Really, the only reason I came up with it this way is because of this whole reveal last week that MIB/Smokey is evil. Because if they’re now saying definitively that MIB is evil, then I assume it must be because of Smokey and the Smokiness of the island. Or something. Because it’s pretty damn clear now that he wasn’t actually this way always. (I still don’t think he really is, but what do I know…)

CARA: Well, this makes as much sense as anything else! I’m also working on a theory that nameless lady was Smokey before she died. That she told them not to go into the cave because she did, and that’s what happened to her. It would explain how she was able to kill all of those people, and why she was happy to be killed, in addition to why MIB/Smokey repeated her line about people coming, conquering, corrupting, and always ending the same.

SALLY: I like this theory of which you speak…

SADY: I am continually impressed by your ability to be a better writer than this show, Cara.

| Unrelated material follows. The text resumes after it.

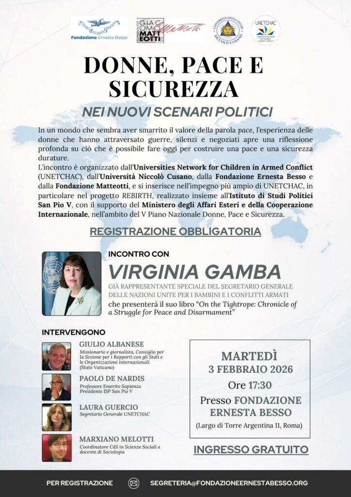 L’incontro è congiuntamente organizzato dalla Fondazione Ernesta Besso, da UNETCHAC, dalla Fondazione Giacomo Matteotti ETS e dall’Università degli studi Niccolò Cusano.
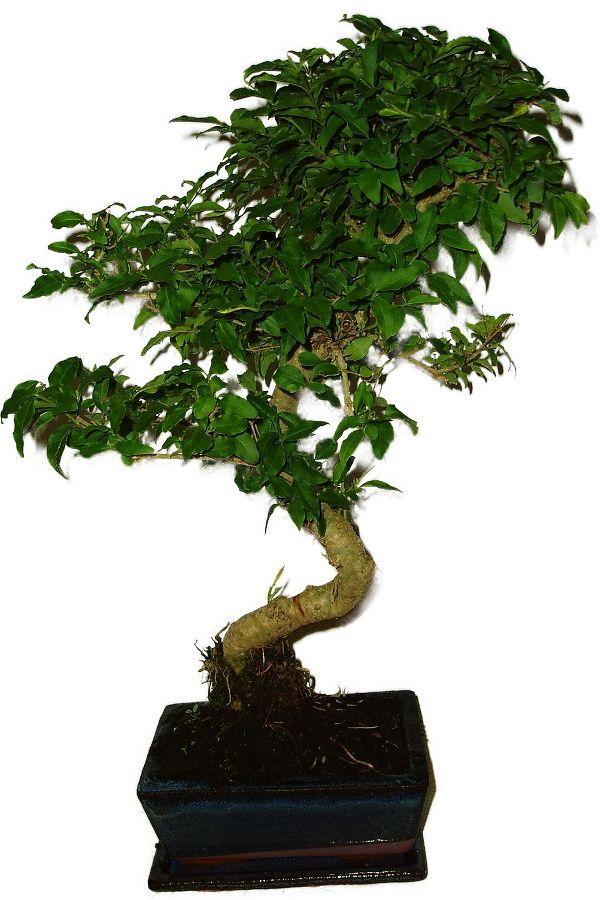 Bonsaj Ligustrum Chinensis, známá také jako ptačí zob čínský, je oblíbená pro své lesklé zelené listy a schopnost produkovat atraktivní bílé květy. Výška bonsaje 42 cm, stáří bonsaje 6 let.

CARA: And I, Sady, by your ability to be more subtle than Jack’s cryface.

JILL: I interpreted “worse than death” as a kind of purgatory, going along with the Hell theme that they introduced in previous episodes. So MIB is basically in purgatory — dead, but worse than dead — and trying to escape. The island is literally his hell. I still don’t understand the smoke, though. Cara’s theory makes sense, but then why was it possible to kill Allison Janney? LOST I JUST DON’T UNDERSTAND YOU.

SALLY: Because he snuck up behind her and killed her with the magical knife?

CARA: Quite possibly! But I also think that the “it was the magic knife!” explanation has become the new “well of course those timelines don’t match up, because time travels differently on the island!” excuse.

JILL: Oh right, duh, magic knives! I ALWAYS forget about those.

Despite Nameless Lady confirming that MIB is a liar, it turns out he hasn’t lied as much as we thought. His mommy issues, his explanation about the wells/holes throughout the island, even his reason for getting off the island – all true. Could it be that he’s been telling the truth all along?

SALLY: Again, another thing that annoyed me. Although less so, I guess. I suppose the point of this is to make us rewatch all the episodes to figure out whether or not MIB has been lying or telling the truth this whole time. But the thing is, I’m so over this season, I am completely not motivated to do that! So while I would have been intrigued by this reveal if this season hadn’t been a disappointment, right now, it just pisses me off. I guess maybe I didn’t enjoy this episode as much as I thought I did… lol

LAUREN: Every truth has a slant though, you know? I like the thought that the truth, or the meaning of it all, is somewhere in the middle of these brothers’ stories. My frustration is similar to yours though, because I see what the writers and producers were going for, and yet so much is lost (ha) in the weak dialog and thin story lines. Also, Jacob a big ol’ baby? Ugh. MiB FTW.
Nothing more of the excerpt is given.